As with all these individual moves, it's important to maintain a crouched position when you make your fakes and when you go around your defender. If you straighten up, you will lose the power and quickness which makes these moves so effective.

The Crossover Step

Often the defensive player will overplay you to your strong side. In this case, the crossover step and the ability to dribble equally well with either hand will help you out of this defensive overplay.

To make this crossover step to the left, take the following steps:

  1. Make a short hard jab step in the direction of the defensive player with your right foot.
  2. Keep low and with the same leg, take a long step, crossing it over the outside of the defender's right foot.
  3. Swing the ball very quickly from your right side to your left side as you make the leg move, cutting closely off the defender's shoulder.
  4. Push the ball out behind the defender with your left hand, making sure it goes past his hip.

Reverse the above steps if you are being overplayed to the other side. In that case, you would be doing a crossover step to the right.

Dead-Ball Moves

Many times you will encounter situations in a game when you have already picked up your dribble and your defensive man is standing right in front of you preventing you from getting off a shot or passing the ball. It is just for cases like this that you need to have some dead-ball moves. Naturally, you can use these moves away from the basket, but they are more effective when you make them not far from the hoop, either in or close by the lane.

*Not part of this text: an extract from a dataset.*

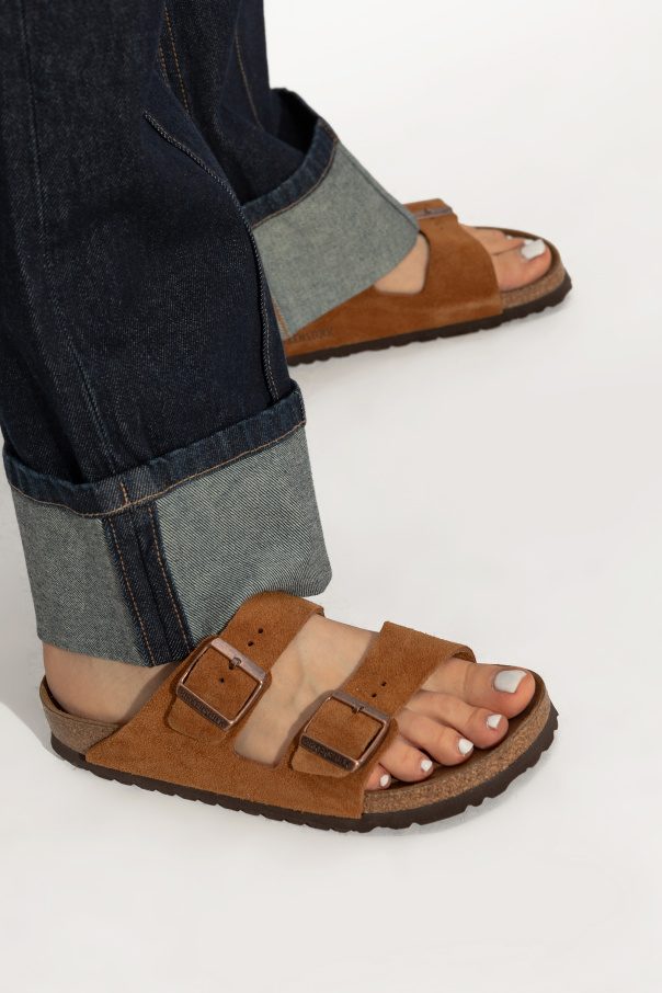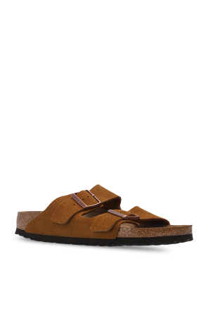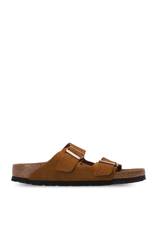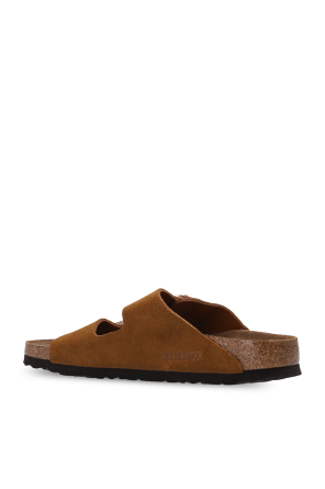 Birkenstock的棕色Arizona BS拖鞋。绒面革质。含黄铜质logo款式搭扣。棕色软木质,含EVA装饰鞋底。

The Shot Fake And Jump Shot

To execute this move, do the following:
  1. Start with a one-count stop. Bring the ball up toward your head to give the defensive man the impression that you are going to take a jump shot. He will lunge toward you at this moment.
  2. Crouch down with your legs to gather your strength.
  3. Go up with your jump shot just as your defensive man moves into you. Go up strong! Bump him a little with your shoulder, or forearm to prevent him from blocking your shot. Often your man will foul you and you get a three-point play out of the move.


This is another power move that will help get you past your defender after you have given up your dribble. Do the following to execute the move:
  1. Make a one-count stop.
  2. Make a crossover step.
  3. Go past your defender and shoot a lay-up.

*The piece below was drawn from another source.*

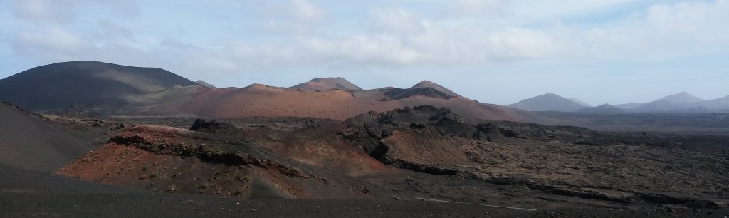 Gut kommen wir gleich zu den Gegenaspekten. Ich bin auf einem Kamel geritten (Armes Tier, aber Bucket-List, Kamelritt, abgehakt) und der Vulkanische Nationalpark ist beeindruckend. Der Anfang allerdings ist schwer. Man steht vor einer Abzweigung mit Schranke, bezahlt 10 Euro pro Nase und steht dann erst einmal 30 Minuten im Stau. 10 Autos werden herausgelassen, 10 Autos fahren in den Nationalpark hinein, das heißt nein, sie fahren zum Busparkplatz mit Restaurant. Dort wird die ganze Kundschaft effektiv in Reisebusse verfrachtet und dann 40 Minuten im Kreis durch die Krater und Lavafelder gefahren. Dazu dröhnt in Spanisch, Englisch und Deutsch mehr oder weniger spannende Information aus Lautsprechern. Na gut, das meiste davon fand ich ganz interessant und wissenswert. Die sichtbare Gewalt der Erdkräfte in dem Vulkanfeld erzeugt ein gewisses Gefühl der Ehrfurcht. Nichts, was wir können, kann diese Gewalten beeinflussen, wenn sie sich irgendwo auf der Welt die Bahn brechen. Zwischendurch läuft Mozarts Requiem und bei der Einfahrt auf den Autoparkplatz „Also sprach Zaratustra.“
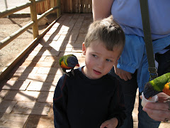 Ok, this post isn't a happened-only-once-this-morning kinda post, but a collection of the last 6 months of Jaden speak! As most of you know, Jaden is speech delayed. He has just started saying something other then his standard 3 things. The problem is that he has all sorts of issues from leaving off the initial consonant, to leaving off the end of the word, to making up his own idea of what should come in the middle. It turns out that Jadenese usually sounds like an aboriginal sailor. He knows that there is a sound that is supposed to go at the end of words that have a hard g or k sound (such as drink, milk, going, etc). He can't make the appropriate sound so he "clicks". He sounds like the movie "The God's Must be Crazy!" And he's GOOD. His clicks flow right into the words. If Bryan or I try to mimic him there is always a short pause between the rest of the word and the "click". Not so with him!! It sounds so funny! The other part of his speech is really not that funny, or at least it shouldn't be! He swears like a sailor!! Not on purpose, of course, but when you drop out all the consonants from a word, well...

Since this is a power move, making the shot will depend a lot on getting jumping power and positioning from your lower body. Be prepared to be fouled as you go to the hoop. Protect the ball from your man with the elbow as you go up.

Step-Through Move

To execute this move do the following:
  1. Come to a one-count stop.
  2. fake a jump shot.
  3. If you want to go to the left, take a quick step to the side of the defender with your right foot. Protect the ball as you go toward the hoop.

Inside Moves With and Without the Ball

It's a necessity in winning basketball that a team have players with good, solid inside moves. These are the player (and not just the center), who can post their man, receive a pass in the paint, or down low "in traffic" and then turn it into a high- percentage shot and a possible three-point play.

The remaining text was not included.